Identifying six drivers of Xi's foreign policy, he said: "All the more reason to clearly understand the core drivers of Xi Jinping’s foreign policy.  In work for a forthcoming book, I have identified six of them. Most have been long-standing aspects of China’s foreign policy.  However, all have become much more prominent and vigorously-pursued elements of foreign policy under Xi. But taken together they offer a coherent framework for understanding—and responding to—China’s approach to the outside world."

He said increasingly prosperous, powerful, and authoritarian, China intends to become a more intense global competitor economically, technologically, diplomatically, militarily, and in the realm of ideas. 

"The COVID-19 crisis will not change this," he worte.

"Taken together, these drivers of China’s foreign policy—legitimacy, sovereignty, wealth, power, influence, and leadership—offer a timely, comprehensive, yet accessible framework to assess those ambitions, consider their implications, strengths, and weaknesses, and develop recommendations for how other powers can respond in the 2020s and beyond," he said.

On the other hand, a Pew Research poll conducted recently showed that a large section of Americans have developed unfavorable view of China at this moment.

"Negative views of China have continued to grow, according to a new Pew Research Center survey of Americans conducted in March. Roughly two-thirds now say they have an unfavorable view of China, the most negative rating for the country since the Center began asking the question in 2005, and up nearly 20 percentage points since the start of the Trump administration.

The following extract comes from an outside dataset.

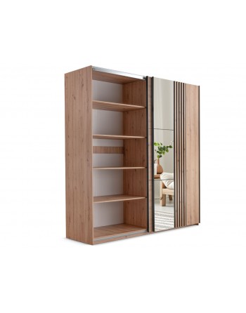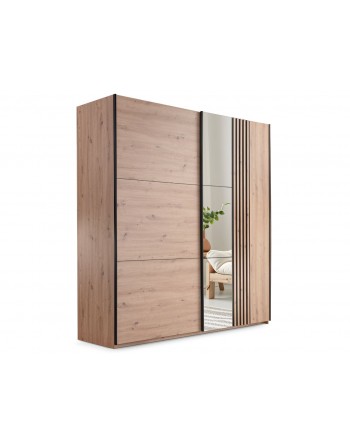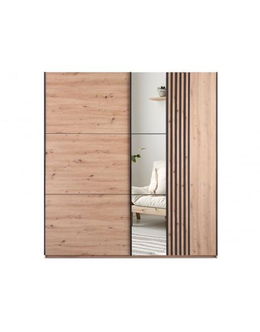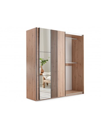 Kleiderschrank mit dekorativen Lamellen. Schlafzimmerschrank mit Spiegel. Schiebeschrank 203 cm. Ein geräumiger Kleiderschrank für das Schlafzimmer.

Positive views of China’s leader, President Xi Jinping, are also at historically low levels," read the website of the research organisation.

"Economic factors, such as job losses to China and the trade deficit, remain key concerns for the American public. But other issues – including Chinese human rights policies and environmental degradation – also worry Americans. Many of these issues play a role in how the public views China more broadly: Those who see the China-related topics included in the study as a serious problem generally have less favorable views of China overall," the survey said.

"Views of China have soured further in 2020, building on the dramatic uptick in negativity seen between 2018 and 2019. Roughly two-thirds of Americans now have a negative opinion of China, the highest percentage recorded since Pew Research Center began asking the question in 2005. Only about a quarter in the U.S. report a favorable attitude," it said.

The survey took place as the coronavirus outbreak spread throughout the U.S.

"As ratings for China have declined, so too has confidence in Chinese President Xi Jinping. Roughly seven-in-ten Americans (71%) say they do not have confidence in Xi to do the right thing when it comes to world affairs – a high since the Center first asked the question. Just 22% say they have faith in the Chinese leader, down 15 percentage points since last year," it said.

"The drop in confidence from 2019 to 2020 is especially notable. While views of Xi have been fairly stable for the past few years, remaining within a 10 percentage point range, in just the last year the percentage saying they lack confidence in him has increased by 21 points. This shift occurred among both Republicans and Democrats, as well as among older and younger Americans," said the research.

Raising doubts, Professor Anne-Marie Brady, a New Zealand politics researcher at the University of Canterbury tweeted: "Covid-19 may well be a circuit-breaker for Flag of China foreign interference relationships in some countries who realise CCP’s mismanagement & lies led to Covid-19 becoming a pandemic, but also, because travel restrictions prohibit illegal & nefarious activities, as well as positive ones."